An excerpt from the Mediaweek interview “Why futurist Jonathan Brill says humans can shape AI to work for us” by Natasha Lee:
For Brill, disruption is not something to fear but to harness. “In Chinese, the word for crisis is ‘wei ji’: wei means danger, ji means opportunity. Crisis is both danger and opportunity. I think the question isn’t what happens next, the question is whether you’re prepared for anything that could happen next,” he said.
The real opportunity, he stressed, lies in proactivity: “You don’t need to accept the future that’s given to you – you can architect your own future. That’s what’s so exciting about understanding these trends, understanding how everything comes together.”
Unsurprisingly, artificial intelligence looms large in Brill’s outlook.
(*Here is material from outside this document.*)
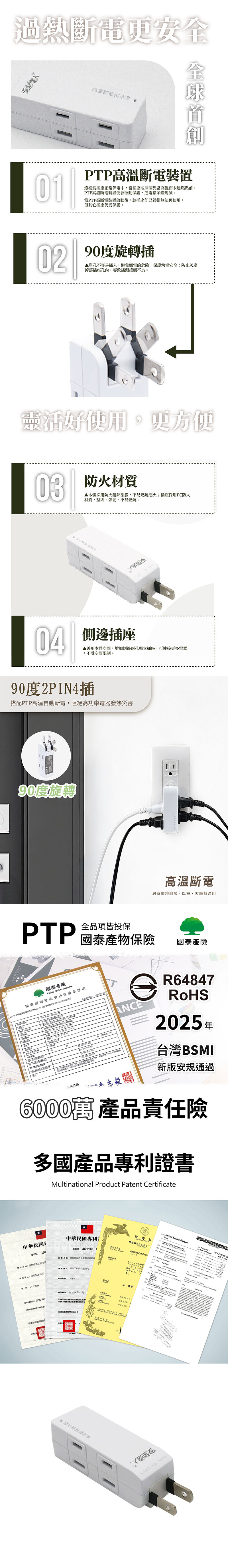 PTP強效防火 4插2P插座 R-15 4插座 分接器

He believes the technology will reshape economies and societies much faster than many expect.
“What excites me about AI is that it’s going to shift the entire economics of the world. We’re able to automate those things that we used to not want to do, and it’s going to happen quickly,” he said.
Brill also pushed back on narrow views of AI as a job-cutting tool. “Foundationally, it’s about this idea that we’re going to become more efficient – by which I mean that we might have to lose some jobs,” he explained.
But he argued that businesses need to consider AI at three levels: “tasks – the things we do over the course of the day; how those bundle into processes and jobs that we do in our businesses; and how the people who do those jobs create resilience when edge cases occur.”
The bigger picture, he said, is about resilience, and using AI to our advantage by helping to automate mundane tasks. “Because if we do those things, we can all be dramatically more efficient, and we can live in a much, much better world,” he said.